2.7.16

Coração de Cão (ii)




Não vale a pena aprender a ler quando se consegue cheirar a carne à distância. Então quando se vive em Moscovo, e se tem dois dedos de testa, aprende-se quase sem querer, mesmo não indo à escola. Dos 40 mil cães moscovitas, só um ou dois, completamente idiotas, não conseguem unir as letras da palavra “chouriço”. Charik começou a aprender através das cores. Tinha ele apenas quatro meses quando, por toda a cidade, apareceram placas azuis e verdes com a inscrição “VC – venda de carne”. O que, repita-se, era completamente desnecessário. A carne sente-se pelo cheiro, ninguém precisa de inscrições. 

Certo dia, houve uma pequena confusão: Charik estava sem olfacto por causa do fumo da gasolina dos carros e, orientando-se pela cor azul do cartaz, sem receio algum, entrou no armazém de material eléctrico dos irmãos Golubizner, na rua Miasnitskaia, em vez de entrar no talho. Aí, o infeliz cão levou com o cabo eléctrico, que é pior do que levar com um chicote de cocheiro. Pode considerar-se este momento histórico como o início da aprendizagem de Charik.

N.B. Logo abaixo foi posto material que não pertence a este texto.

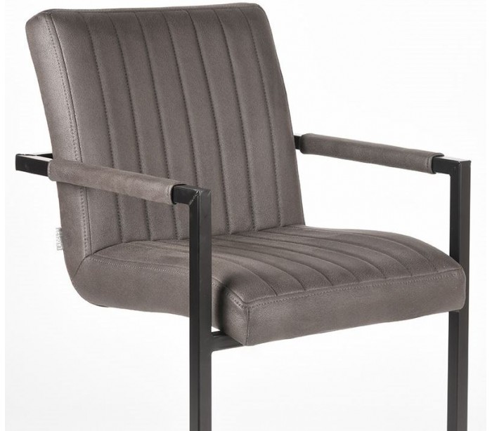 Spisebordsstol udført i et design af vintage antracit microfiber og stel i sortlakeret metal. Stolen måler 55 cm i bredden og 85 cm i højden over ryggen og er polstret med højkvalitets skum.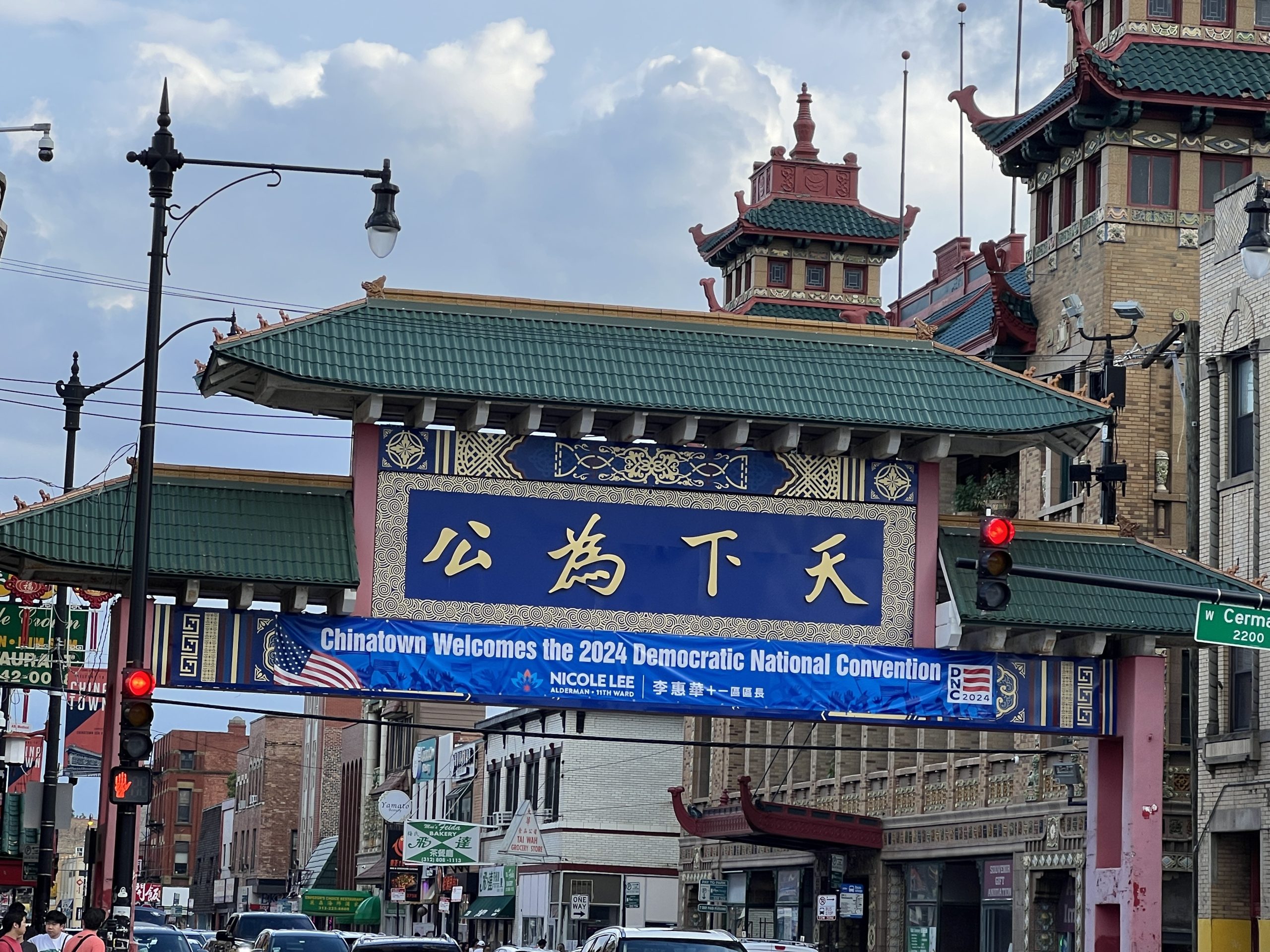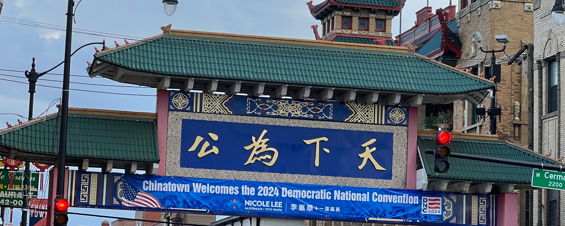 中國城區長李惠華在天下為公牌樓上掛上歡迎各界代表蒞臨芝加哥的横輻(本報記者郭笑榮攝影)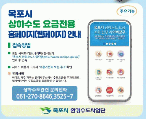 ¸ð¹ÙÀÏ À¥ÆäÀÌÁö ¼ºñ½º´Â ½º¸¶Æ®Æù¿¡¼ ¸ñÆ÷½Ã ȯ°æ¼öµµ»ç¾÷´Ü ȨÆäÀÌÁö¿¡ Á¢¼ÓÇØ »óÇϼöµµ ¿ä±Ý °íÁö¼¿¡ ±âÀçµÈ ¼ö¿ë°¡ ¹øÈ£³ª ÁÖ¼Ò¸¦ ÀÔ·ÂÇϸé ÀÌ¿ëÇÒ ¼ö ÀÖ´Ù.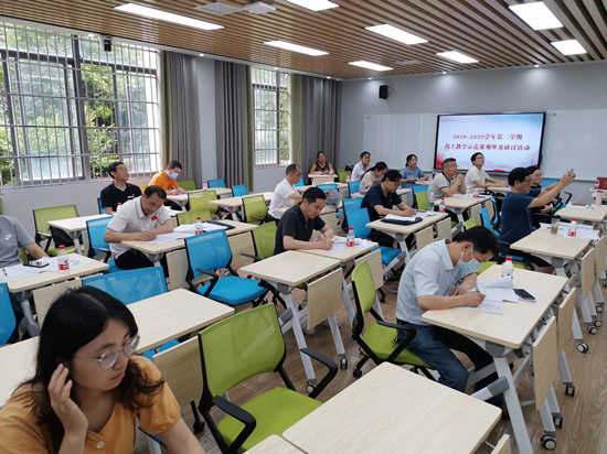 为充分发挥疫情防控期间beat365在线教学优秀教师的示范、辐射和指导作用,促进教师间交流学习,提升广大教师线上教学能力和水平,6月2日下午,由教学评估与教师教学发展中心组织开展的2019-2020学年第二学期线上教学示范课集中观摩及研讨活动在特立楼智慧教室举行。副校长江正云、教学评估与教师教学发展中心、教务处、现代教育技术与网络中心以及各院部负责人参加了观摩、研讨活动。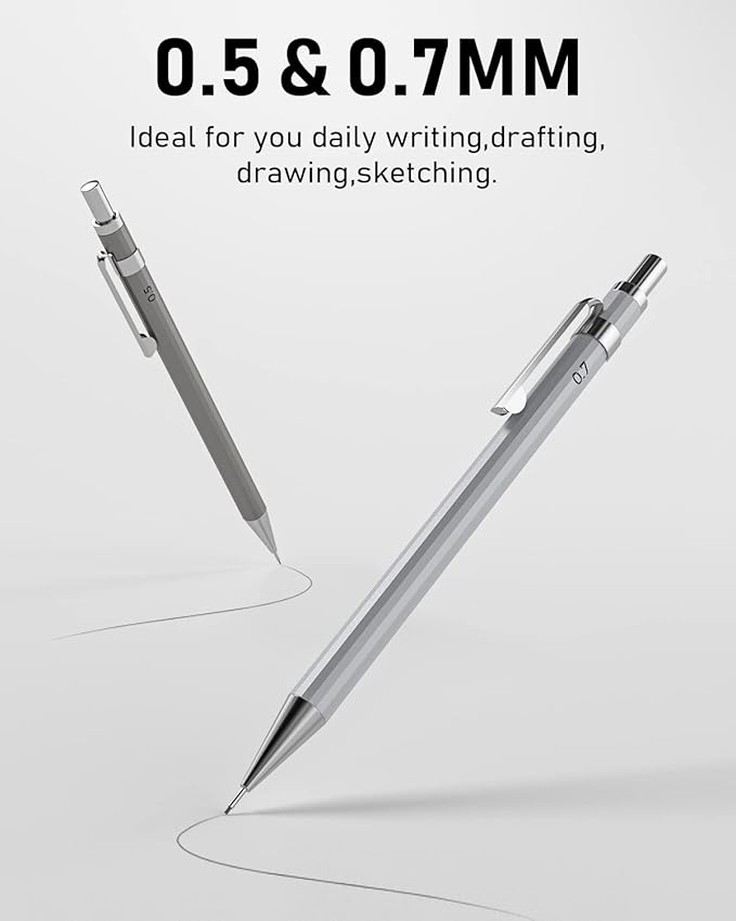 - 【Nicpro MB1000 Mechanical Pencil Set】Come With 8 PCS mechanical drafting pencils ,in 4 elegant metallic color, including 0.5 mm & 0.7 mm ,8 tubes of HB lead refill : 0.5mm & 0.7 mm (60pcs/tube), 9pcs of cap eraser refills, 3pcs soft 4B erasers and a sturdy mechanical pencil case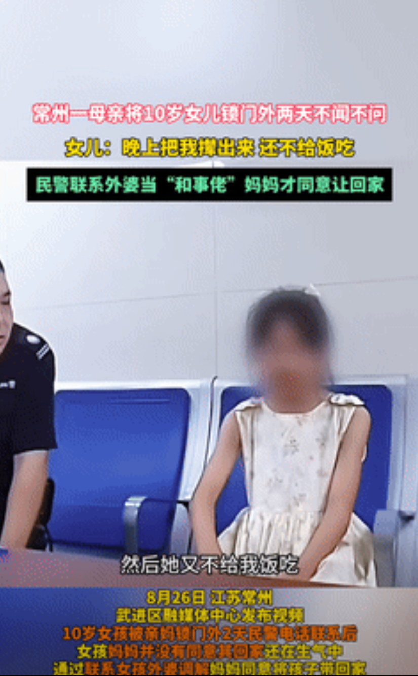 心可太狠了!江苏常州,一10岁女孩被亲妈锁门外两天不闻不问,民警电话联系时,亲妈还不肯让女孩回家,无奈之下,民警只好联系外婆,亲妈这才同意,不料,当她见到女孩后说的一句话,却让网友们十分生气! 据颍淮新闻8月27日的报道,这件事情发生在常州,女孩被赶出来的时候,刚好还是大晚上,睡觉只好去公寓前台凑合着睡。 而在第二天的时候,其母亲也没来找过女孩,身无分文的她,就这样饿了一整天,等到晚上才遇到了要外出吃饭的母亲。 可对方的态度,却让人很生气,不仅没有给女孩东西吃,甚至当她跟着上楼时,母亲依旧将其锁在外面。 直到后面有热心群众发现后,急忙报警求助警察,当了解到具体情况后,民警也感到有些生气。 毕竟这么小的孩子,再怎么样也不能锁外面两天都不闻不问的,于是就给其母亲打电话,结果她还是不肯让女孩回家。 无奈之下,民警只好联系外婆,让她充当一下和事佬,在外婆的劝说下,母亲才点头同意让女孩回去。 不过当民警把女孩交到她手里后,其母亲说的一句话,却不是担心而是责怪,说:你还报警呢,长本事了! 该说不说,这妈当的真够绝的,完全不在意孩子的安危,要是孩子真出现什么意外,可有她后悔的时候,希望她能认识到自己的错误。 那么对于这件事情,您有什么想说的呢?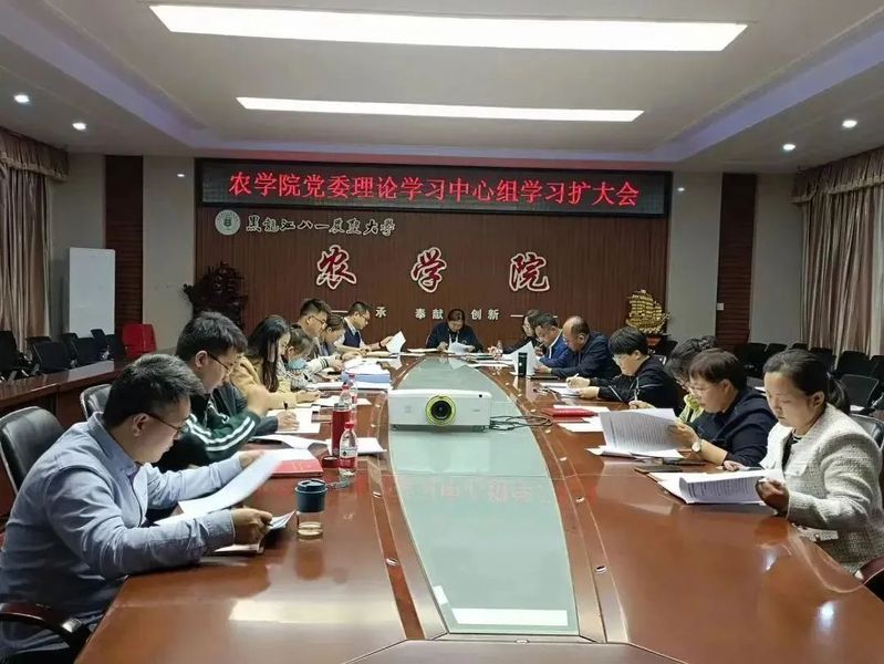 10月30日下午,农学院党委理论学习中心组在学院4001会议室召开学习扩大会,院长郭永霞领学习近平总书记对宣传思想文化工作作出重要指示,副书记、纪委书记王洋领学中央政治局九次会议审议通过《关于进一步推动新时代东北全面振兴取得新突破若干政策措施的意见》和省委十三届四次会议决议,副院长郑雯领学习近平总书记在庆祝中华人民共和国成立74周年招待会上的讲话,副院长杜吉到领学习近平总书记向全国广大农民和工作在“三农”战线上的同志们的祝贺和问候。学院全体党支部书记列席会议参加学习。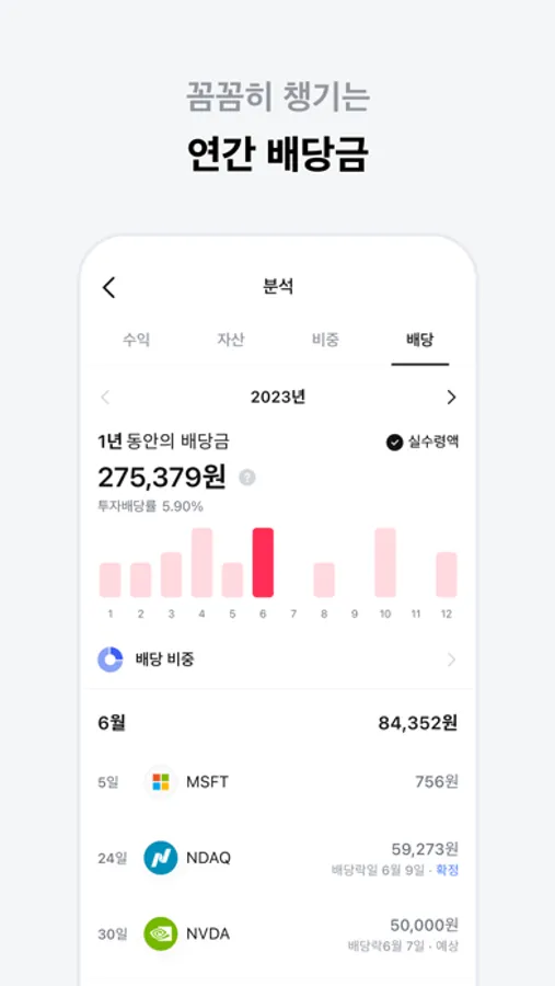 - 기간별 배당액을 한눈에 확인할 수 있어요

De volta ao passeio, Charik apercebeu-se de que “azul” nem sempre significava “carne”. Com a cauda entre as pernas, e uivando de dor, o cão lembrou-se que, nos talhos, a primeira letra era dourada ou cor de laranja, parecida com uma lua – “C”. 

A partir daí, tudo lhe correu melhor. O “E” aprendeu na Central de Peixe, na esquina da rua Mokhovaia (tendo aprendido não com o início da palavra, mas com o fim, que era o lado por onde se aproximava da loja, pois havia sempre um polícia por baixo do placar, onde começava a palavra).